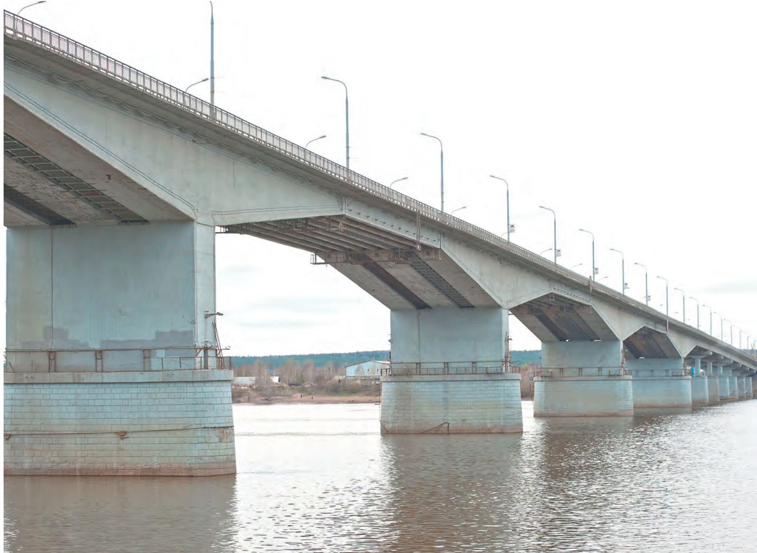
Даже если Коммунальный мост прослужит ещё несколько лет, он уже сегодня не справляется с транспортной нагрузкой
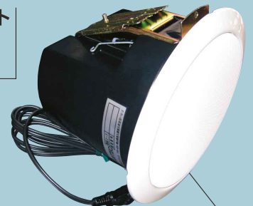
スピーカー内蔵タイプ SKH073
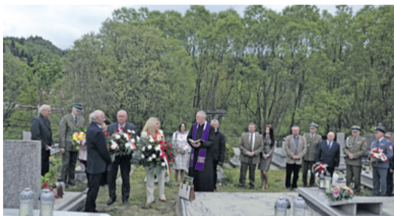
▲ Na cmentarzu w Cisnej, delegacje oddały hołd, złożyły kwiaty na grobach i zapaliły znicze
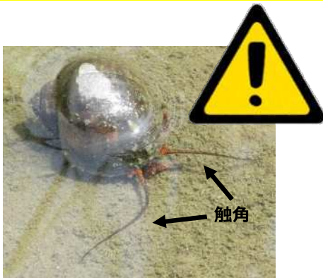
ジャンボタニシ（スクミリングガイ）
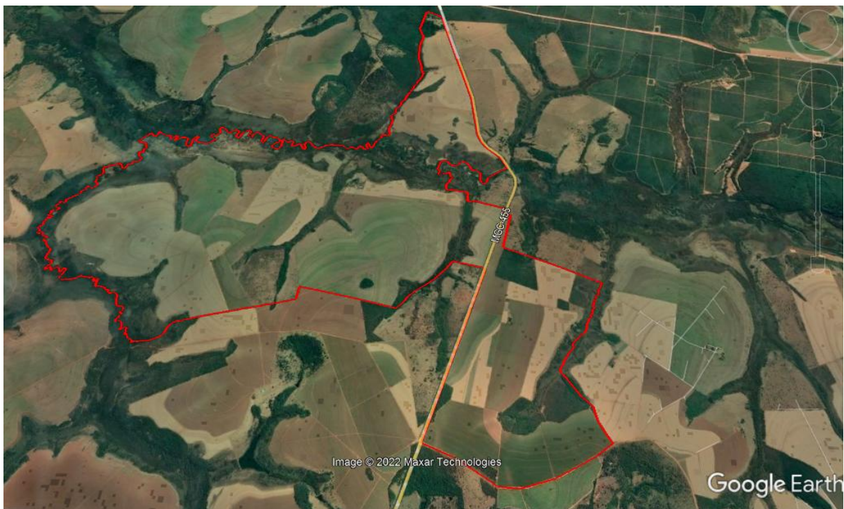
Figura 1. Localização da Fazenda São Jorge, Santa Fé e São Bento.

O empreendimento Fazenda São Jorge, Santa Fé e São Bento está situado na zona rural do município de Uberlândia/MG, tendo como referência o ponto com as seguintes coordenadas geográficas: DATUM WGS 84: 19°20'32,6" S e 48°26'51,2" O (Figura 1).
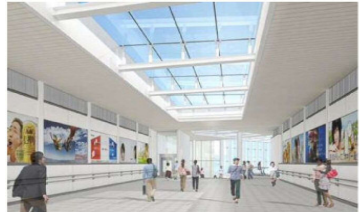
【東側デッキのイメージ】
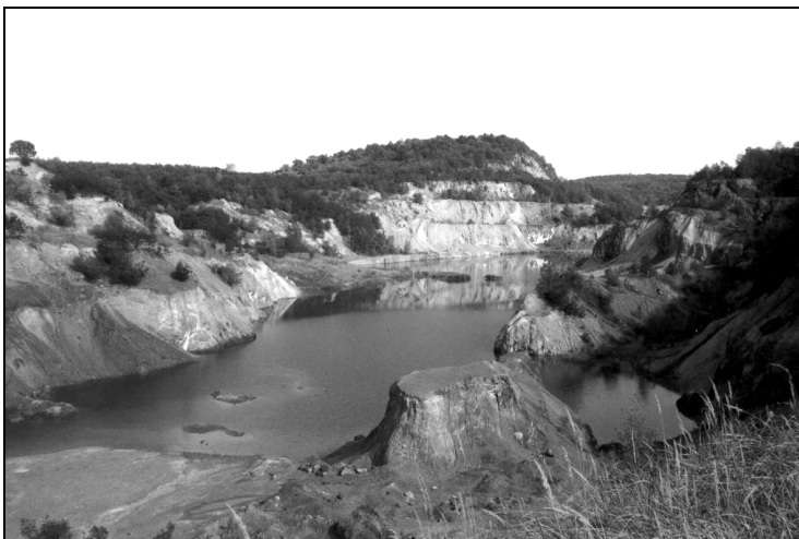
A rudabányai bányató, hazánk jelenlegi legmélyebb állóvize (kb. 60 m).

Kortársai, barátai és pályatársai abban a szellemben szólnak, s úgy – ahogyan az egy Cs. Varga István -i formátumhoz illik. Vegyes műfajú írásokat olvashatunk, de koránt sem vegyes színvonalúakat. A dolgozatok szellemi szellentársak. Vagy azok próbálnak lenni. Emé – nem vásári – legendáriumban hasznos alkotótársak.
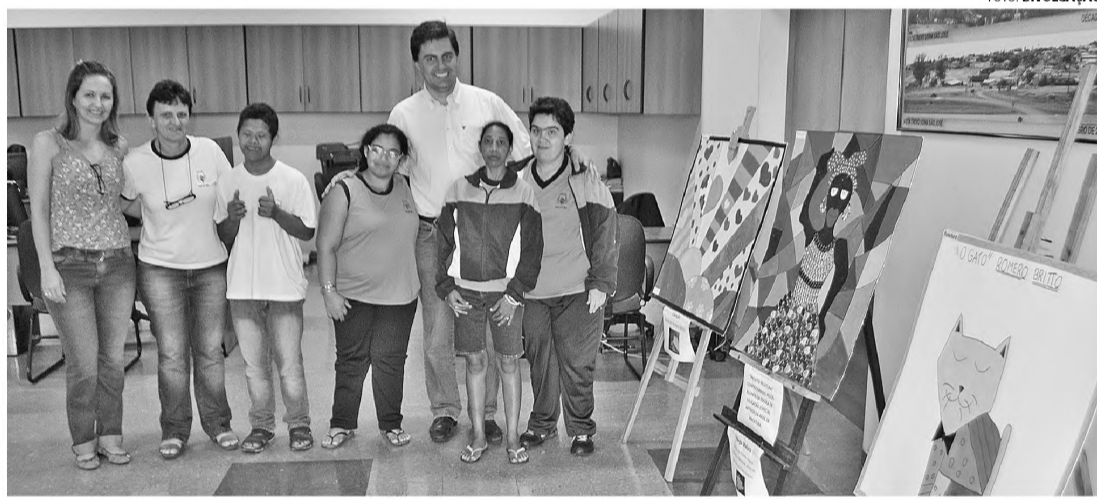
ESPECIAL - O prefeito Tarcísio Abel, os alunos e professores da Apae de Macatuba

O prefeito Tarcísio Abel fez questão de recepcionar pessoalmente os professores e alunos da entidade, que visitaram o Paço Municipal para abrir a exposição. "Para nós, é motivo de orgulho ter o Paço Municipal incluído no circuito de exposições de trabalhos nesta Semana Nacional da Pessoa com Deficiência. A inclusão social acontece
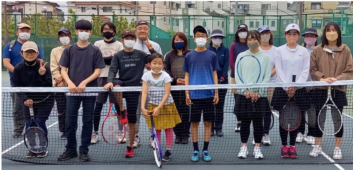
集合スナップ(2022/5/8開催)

====

• **PROBLEM REQUIREMENTS**
Only the line with "Figura 1. Localização" and those preceding it, back to the first line of the entries, should be repeated exactly, without pictures.

• **ANSWER SPACE**
Даже если Коммунальный мост прослужит ещё несколько лет, он уже сегодня не справляется с транспортной нагрузкой
スピーカー内蔵タイプ SKH073
▲ Na cmentarzu w Cisnej, delegacje oddały hołd, złożyły kwiaty na grobach i zapaliły znicze
ジャンボタニシ（スクミリングガイ）
Figura 1. Localização da Fazenda São Jorge, Santa Fé e São Bento.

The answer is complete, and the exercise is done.